あとは繊細とは少し違いますけど、小ネタがすごい。どんだけキャラ出るんだよ。急に推しが映ると困るよ。喋るともっと困るよ。だって世代も血縁も何もかも違うから出ないと思ってたら、出たよ。すぐ出たもん。困るもん
そして魅力的なキャラクター。割と想像と違った感じの描かれ方をするキャラクターが多かった気がしますね。
出番の数で一番驚いたのはフジキセキですかね。ウマ娘のアニメでは与えたう関係というのが多いのですが、その要素がポッケとフジキセキにもあるというのが意外でした。
きっかけがフジキセキの弥生賞で、先輩かつ姉のような関係でポッケと接しながら、成長に感化されてもう一度走り出す。
そして異様に柳と一緒に描かれることが多かったですね。柳の下でダービーの夢をポッケに託して、自販機の近くにもあったし、川辺の時も柳っぽい木から出てきたし。はっきり覚えてないけど、夏祭りの浴衣も柳柄じゃなかった?
「柳の下の二匹目のドジョウを狙う」的な意味かとも思いましたけど、柳=幽霊=もうレースを諦めたって方が正しい解釈なのかな……
託すシーンも、夏祭りのシーンもまだ諦めてるけど、ポッケの姿を見て自販機のシーンでは復帰することを真剣に考えだして、川辺では柳から出てきて幽霊から復帰したということを表してるのかな……なんか納得できないんですよね。託すシーンと、それ以降の柳の意味合いが違ういうのもありそうだけど
あと川辺のレースシーンがいいですよね。派手さはないものの、すっごく綺麗で。でも新衣装の方しか持ってなかったから、そんなに考えたことなかったけどあの勝負服やばすぎるだろ、なんで開けるんだよ。絶対開ける必要ないじゃん。熱でもこもるの? あんなのが日曜の夕方に走っていいわけないだろ。初見の時唯一吹きそうだったもん
そしてダンツフレーム。個人的には見た目も性格も癖ってわけじゃないんですけど、すっごい応援したくなりますよね。真面目だし、何より四人の中で一番全員のことを追ってる気がして。
もちろん全員競り合ってるんですけど、ポッケは自分の幻影とタキオンの残光を見てるし、タキオンも自身の理想を見てるし、カフェはお友達を見てるしで。その中でダンツははっきり背中を追ってるからいい意味で浮いてる。だからこそいいし。

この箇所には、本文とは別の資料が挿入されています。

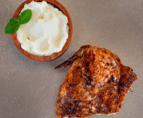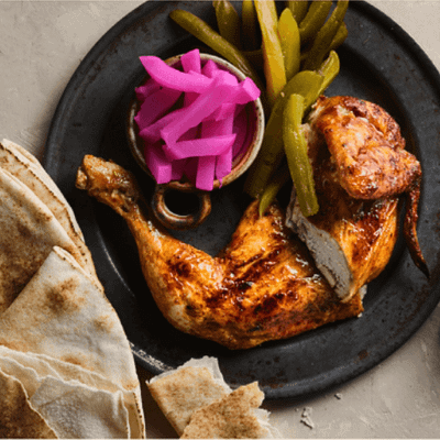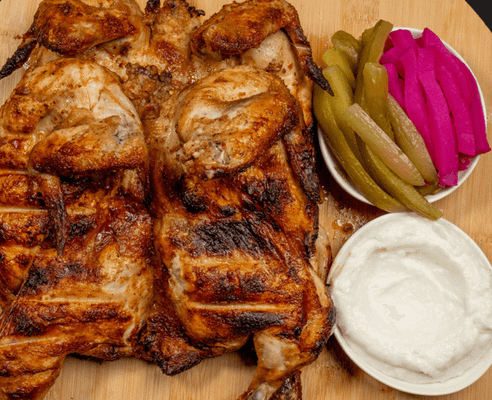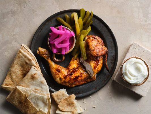 Half chicken, garlic, pickles and bread. Our Favourite!
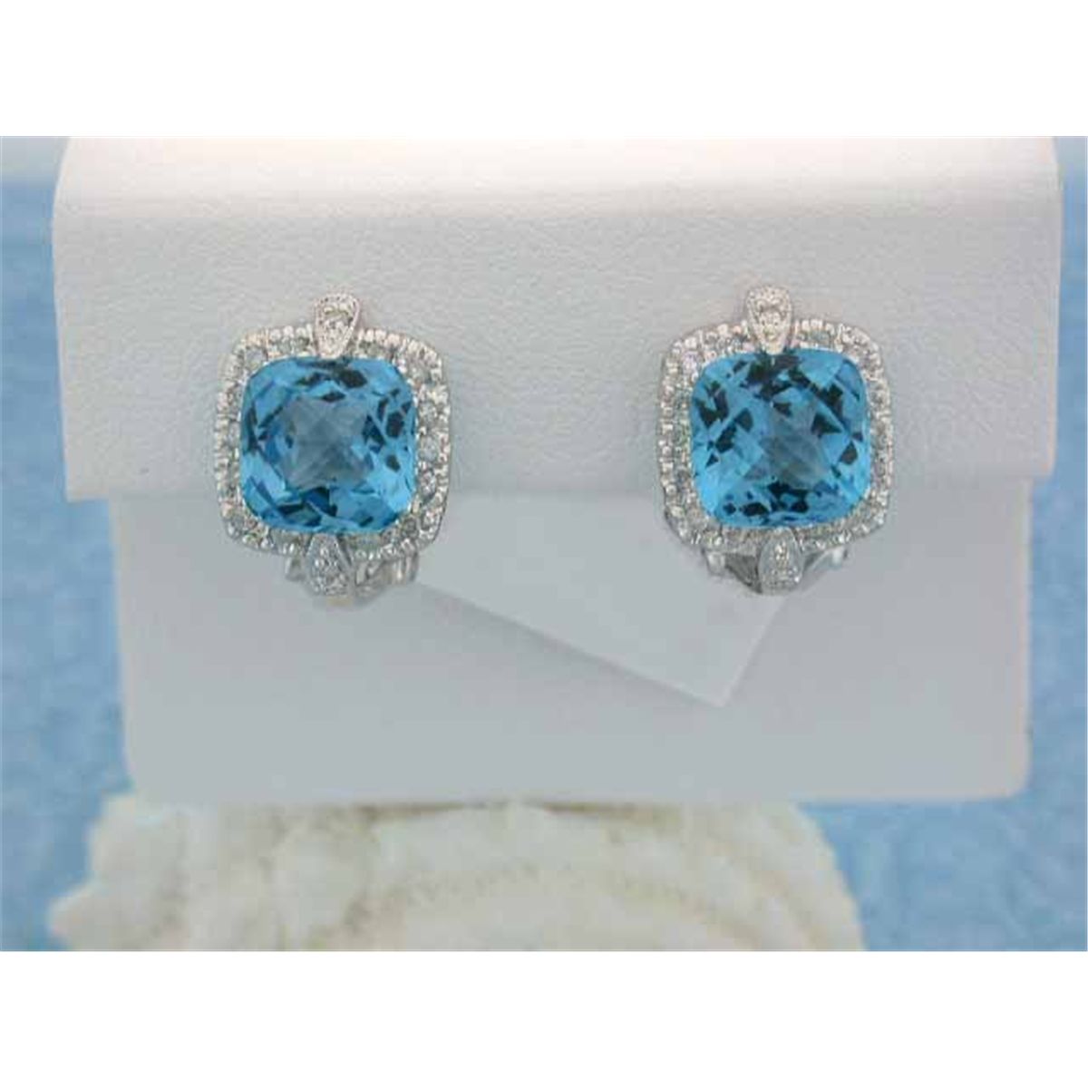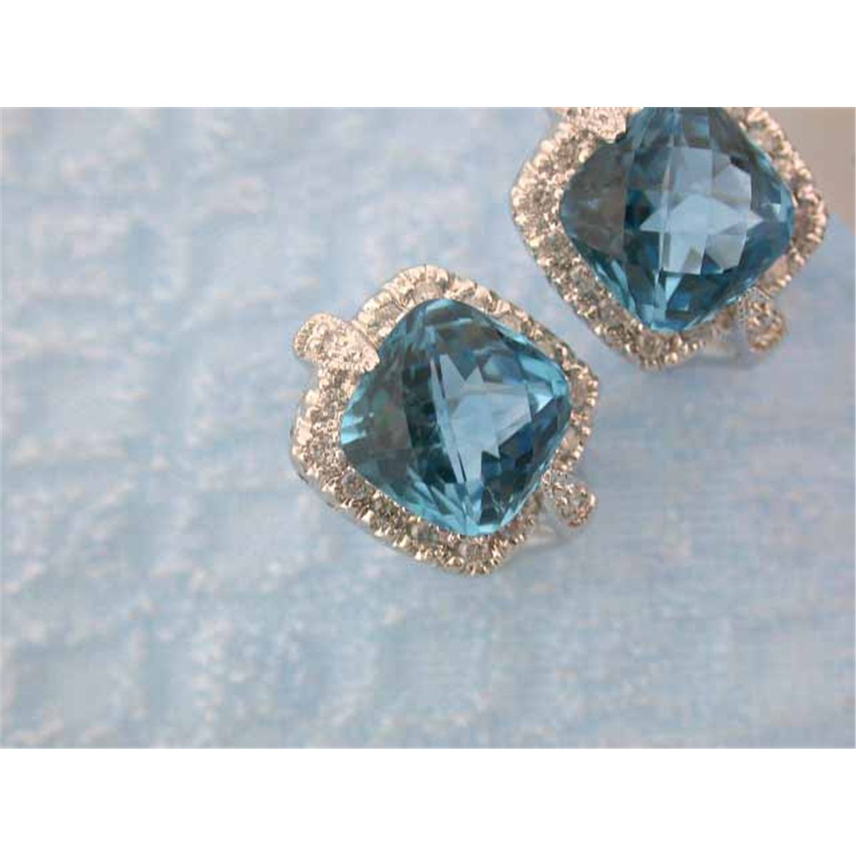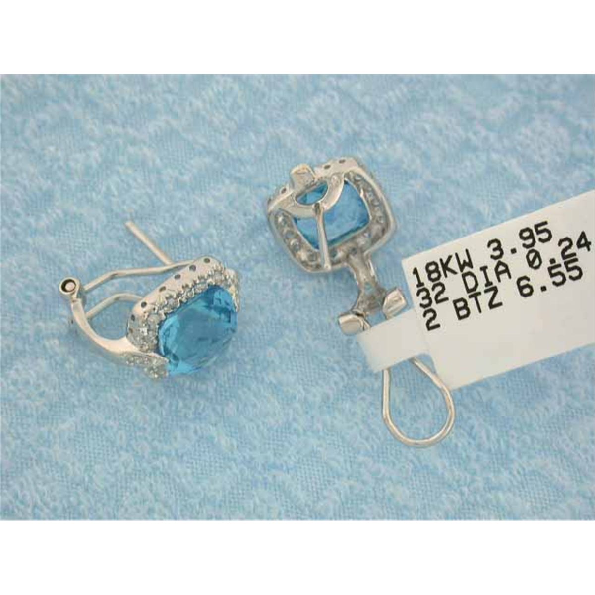 18k White Gold Earrings with Diamonds - 0.24 carat, 32 pieces and Blue Topaz - 6.55 carats, 2 pieces. It weighs 3.95 grams

あとオッチャホイが話題になってましたね。ぶっちゃけよく聞いてなかったので、にんじんスイーツ的なものだと思ってたんですけど、あんな麺なの? あのシーンの破壊力が凄すぎて、何も考えてなかったけど。あと明らかにポッケに好意を持ってますよね、だって誘う時に普通の「ねえ」じゃなくてその後に〜〜と♡がつきそうな勢いでしたからね。俺と宝塚行きましょう
四人の中で出番というか演出的に少なかったように感じたのはカフェですね。仕方ないとはいえ、春シーズンは故障してますし菊花賞はカット気味でしたし。自分を貫いているキャラとして描かれていた、のかなぁ? ポッケとかダンツと話してる時の雰囲気が好きだったんで、もうちょっと、もうちょっとちょうだいよ
でもところどころで微笑んでてよかった。ゲームで育成するとわかるんですけど、勝利後とかのあの微笑みが狂わせてくるんですよね。あと小倉唯さんはすごい。ほんとにすごい
個人的にオペラオーも少なかったような気がしますね。ただかっこよさは素晴らしかったし、無理やりポッケと意識し合う関係にしなかったのもよかったかなと
形としてはラスボスではあるものの、ポッケとして乗り越えなくてはいけない敵は自分自身ですし
ポッケは最強のやつとオペラオーのことは認識してはいるものの、それ以上の感想は特に言わないし、タキオンの時のように宣戦布告もしない
オペラオーも意識していないわけではないんでしょうけど、自ら話しかけたりはしないし、ライバル宣言もしない。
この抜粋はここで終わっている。